[Data entries]
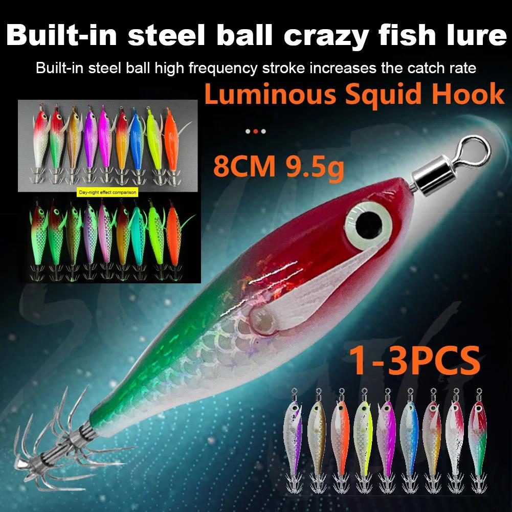 1-3PC Luminous Squid Hook Fishing Lure Double Hook Glow In The Dark Wood Shrimp with 3D Eyes Fake Octopus Bait for Night Fishing
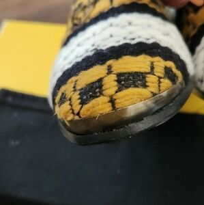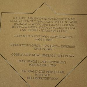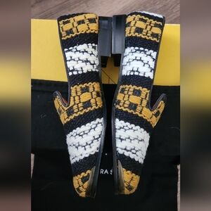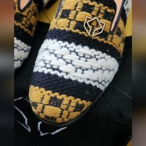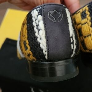 Geometric patterns woven along a pair of Cobra Society smoking slippers, constructed out of wool tapestry and accented with an oxidized metal strip at the toe. Glazed leather piping trims the notched top line. Stacked heel and leather sole. - True to Size - Hand Made in Spain. Productcode COBRAF2-2 Designer COBRA SOCIETY
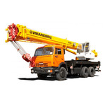 Кран автомобильный КС - 45717 К-1 грузоподъемностью 25 тонн смонтирован на шасси автомобиля КАМАЗ 55111. Привод механизмов крана - гидравлический от насоса , приводимого в действие двигателем шасси. Стрела автокрана телескопическая трехсекционная.
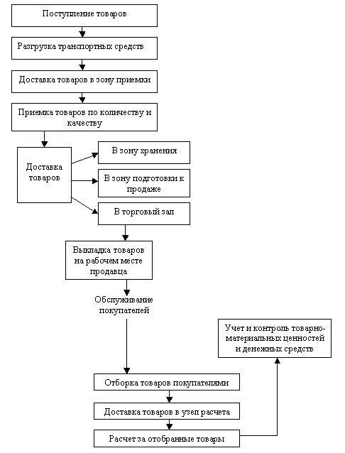 Технологический процесс включает в себя совокупность последовательно взаимосвязанных способов, приемов и трудовых операций, направленных на сохранение потребительских свойств товаров и ускорения доведения товаров до торговой сети и потребителей. Технологический процесс обеспечивает обработку потоков, начиная с поступления товаров в магазин и кончая полной подготовкой их к продаже. Технологический процесс включает такие операции, как приемка товаров по количеству и качеству, хранение, фасовка и упаковка товаров, их перемещение и выкладка в торговых залах и др.
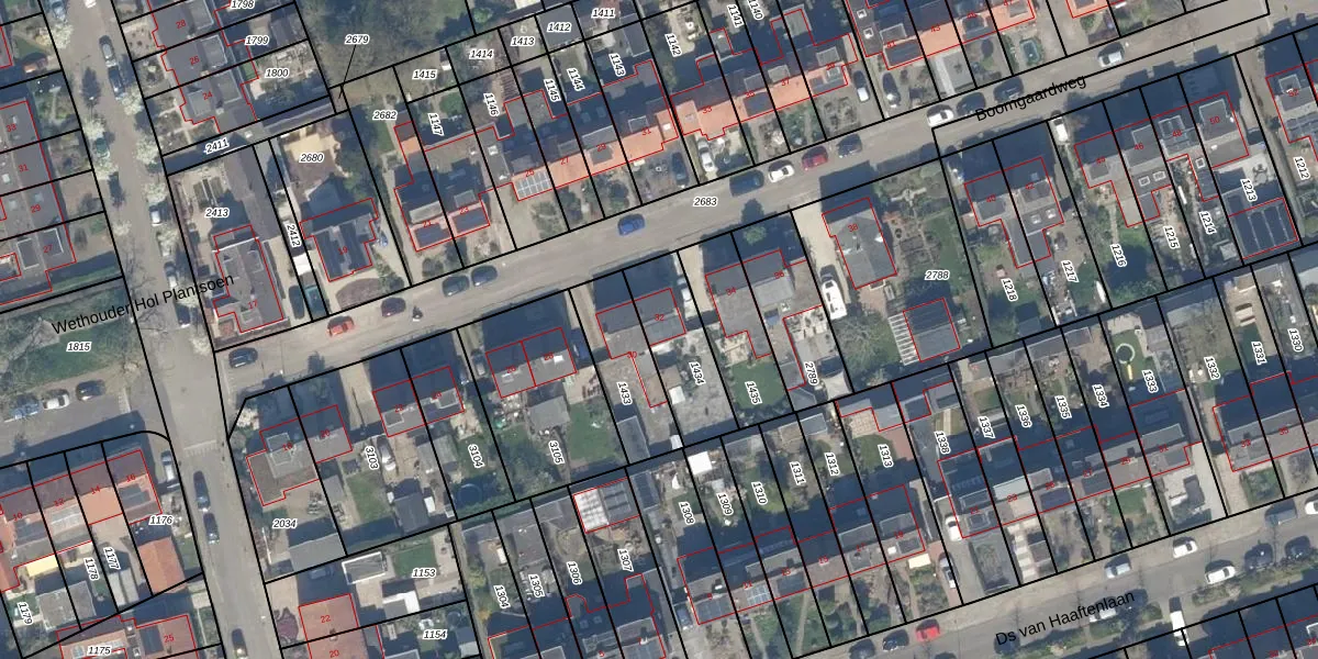 Gebruik de zoekbalk of klik op een perceel voor informatie over de adressen binnen dit perceel.
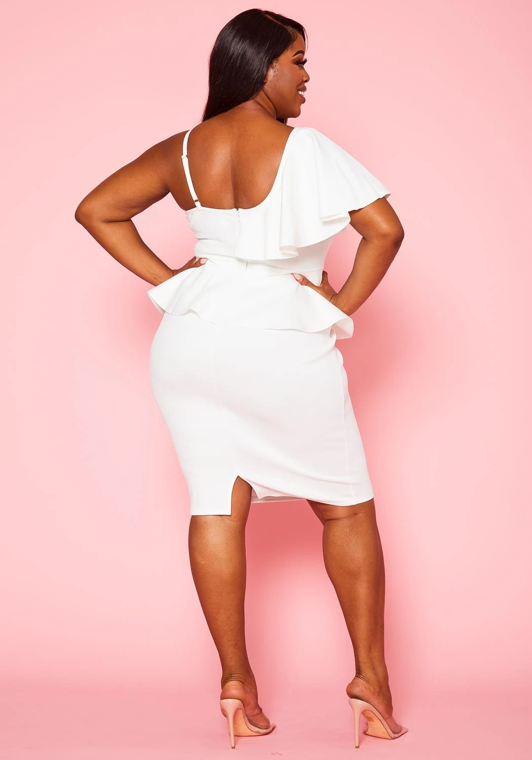 Plus size women’s mini dress in ruffle hem design, v-neck style, cami shoulder strap and bodycon fitting.

*YOUR INSTRUCTIONS:* Each entry above should be returned exactly as written, minus its pictures.

*FINISHED EXERCISE:*
 1-3PC Luminous Squid Hook Fishing Lure Double Hook Glow In The Dark Wood Shrimp with 3D Eyes Fake Octopus Bait for Night Fishing
 Geometric patterns woven along a pair of Cobra Society smoking slippers, constructed out of wool tapestry and accented with an oxidized metal strip at the toe. Glazed leather piping trims the notched top line. Stacked heel and leather sole. - True to Size - Hand Made in Spain. Productcode COBRAF2-2 Designer COBRA SOCIETY
 Кран автомобильный КС - 45717 К-1 грузоподъемностью 25 тонн смонтирован на шасси автомобиля КАМАЗ 55111. Привод механизмов крана - гидравлический от насоса , приводимого в действие двигателем шасси. Стрела автокрана телескопическая трехсекционная.
 Технологический процесс включает в себя совокупность последовательно взаимосвязанных способов, приемов и трудовых операций, направленных на сохранение потребительских свойств товаров и ускорения доведения товаров до торговой сети и потребителей. Технологический процесс обеспечивает обработку потоков, начиная с поступления товаров в магазин и кончая полной подготовкой их к продаже. Технологический процесс включает такие операции, как приемка товаров по количеству и качеству, хранение, фасовка и упаковка товаров, их перемещение и выкладка в торговых залах и др.
 Gebruik de zoekbalk of klik op een perceel voor informatie over de adressen binnen dit perceel.
 Plus size women’s mini dress in ruffle hem design, v-neck style, cami shoulder strap and bodycon fitting.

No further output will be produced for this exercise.